The surface of a metallic or a non-metallic object is usually polished with free abrading particles. Methods of polishing with free abrading particles are approximately divided into the tape-polishing which uses a polishing tape and the pad-polishing which uses a polishing pad.
The tape-polishing process is carried out by supplying slurry on the surface of the object and running a polishing tape while pressing it on the surface. The pad-polishing process is carried out by rotating a lapping plate with a polishing pad attached to its surface, supplying polishing slurry on the surface of the polishing pad and pressing the surface of the object on it. The polishing tape and the polishing pad used for these methods are produced by cutting a porous sheet of a woven or non-woven cloth or a foamed material into the shape of a tape or a pad. The slurry is obtained by dispersing abrading particles in a dispersant comprising a water-based aqueous solution containing water, glycols or alcohols. Hard particles of a material such as silica, alumina, diamond, cerium oxide, ceramics and glass are used as the abrading particles.

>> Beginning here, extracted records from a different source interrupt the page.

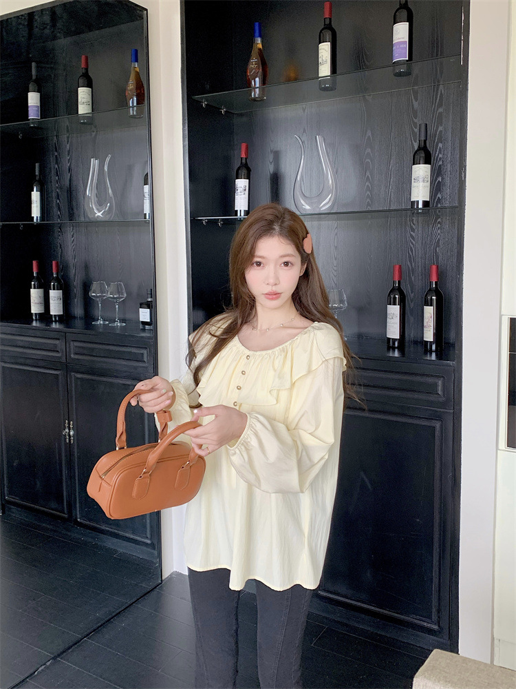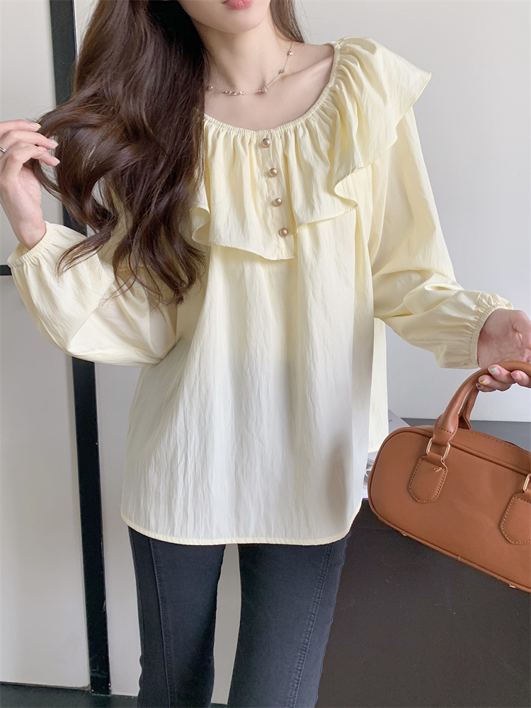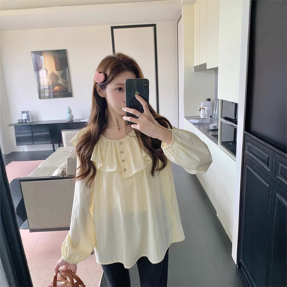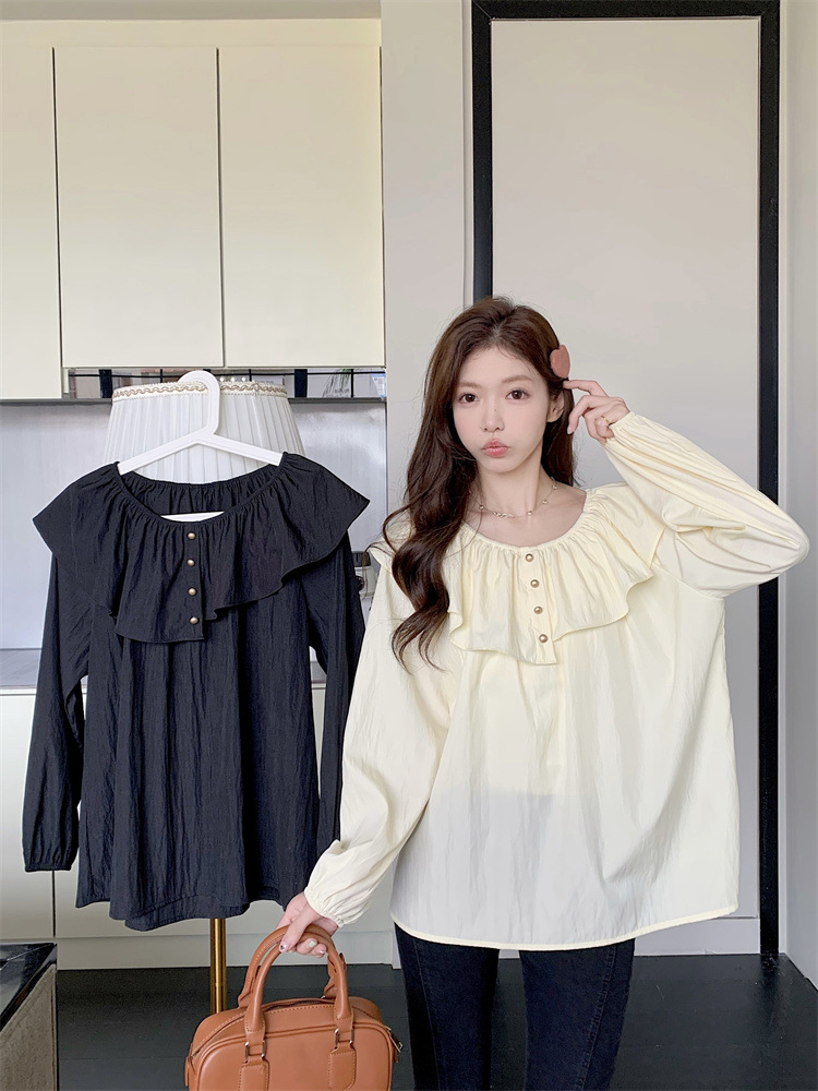 Женская одежда большого размера 2025 новая весенняя французская рубашка с круглым вырезом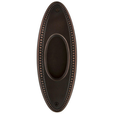 Nostalgic Warehouse 703698: 6-3/4" Oval Beaded Flush Door Pull in Timeless Bronze finish. The oval shape is fashionable, yet functional on pocket doors, sliding doors, cabinet doors or any door where a flush with the door face pull is needed. Solid brass. Mounting hardware included.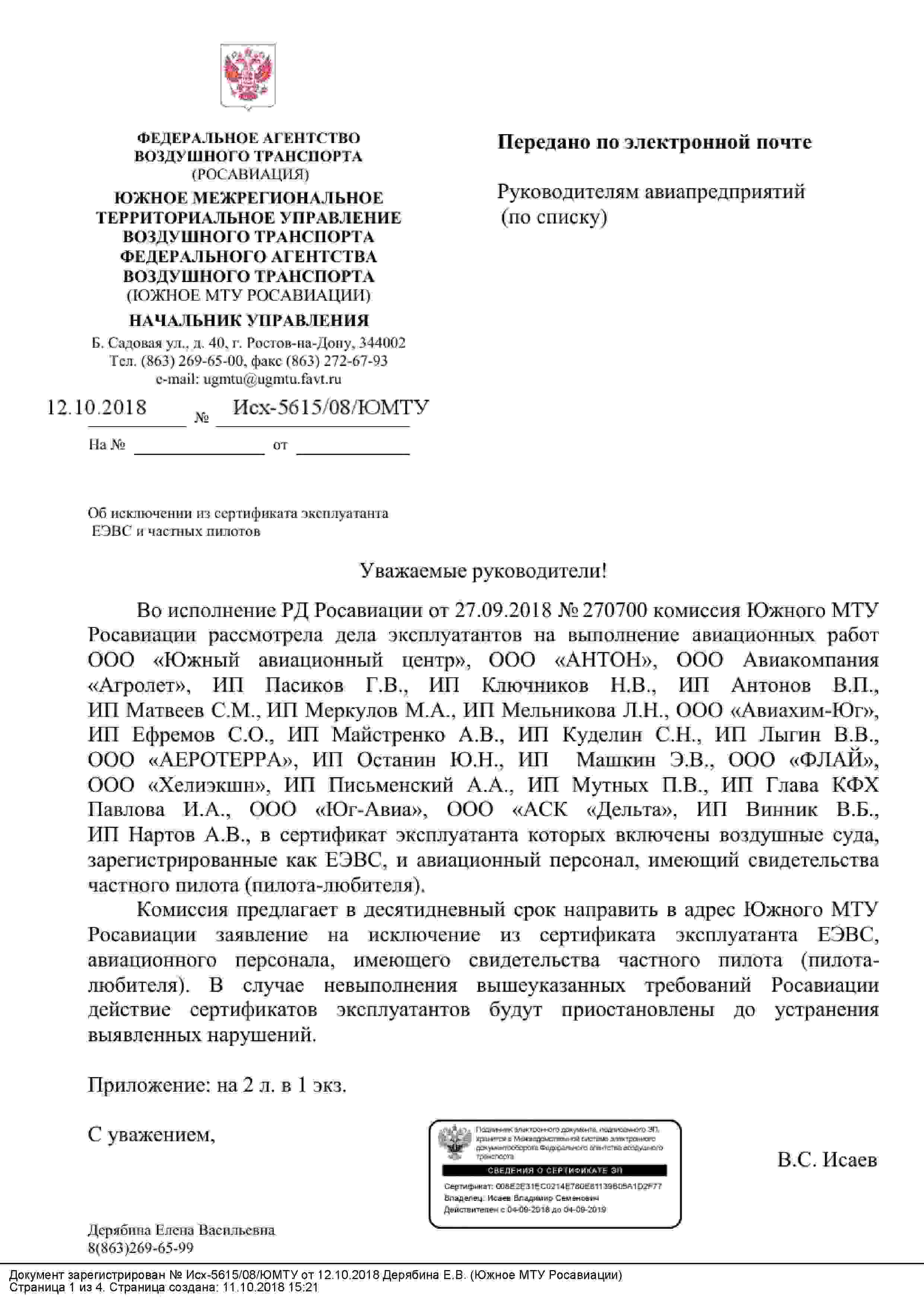 Не пойму в чём паника. Ну Росавиация послала внутреннее междусобойное распоряжение своим МТУ не вписывать авиаработы на ЕЭВС в свидетельстве эксплуатанта. Правильно делают по закону. Но ни слова о каких-то запретах. В чем проблема? Как летали, так и дальше полетим. Регистрацию ЕЭВС никто не отменил, СЛГ осталось. А что еще надо для полетов? А что не запрещено, то можно.

Besides the two polishing technologies mentioned above, a new polishing technology has recently been developed whereby no polishing pad is used and slurry is directly supplied to the surface of a lapping plate. The object is pressed onto the lapping plate and the surface of the object is polished as the lapping plate and the object are moved with respect to each other. According to a published method, micron-sized elastic particles and smaller hard particles are mixed together and a substrate surface is polished during a polishing process by the hard particles which are provisionally attached to the elastic particles. Since no pad is required by this method, the elastic particles each functioning as a pad, this polishing technology is sometimes referred to as the padless polishing. In this method, the hard particles become adhesively attached to the elastic particles electrostatically, by the van der Waales force or by a mechanical force, become separated and again become reattached. This condition of the hard particles separably attached to the elastic particles is sometimes referred to as “virtual attachment.”
For polishing an object such as a magnetic hard disk substrate, a semiconductor wafer or a liquid crystal glass substrate which must be prepared to be extremely smooth and flat, polishing slurry with very small abrading particles with average diameter of 0.001–0.5 μm are used in any of these polishing technologies. This is because it is believed that the number of particles per unit surface area that act on the object surface increases if the abrading particles for the slurry are made smaller and hence the object surface can be polished more accurately.
If the size of abrading particles to be mixed to the slurry is reduced, however, the stock removal rate of individual abrading particles becomes smaller and hence it takes longer for the polishing work and the throughput is adversely affected. The current problem, therefore, is that object surfaces cannot be polished quickly and accurately “simply” by reducing the size of the abrading particles in the slurry.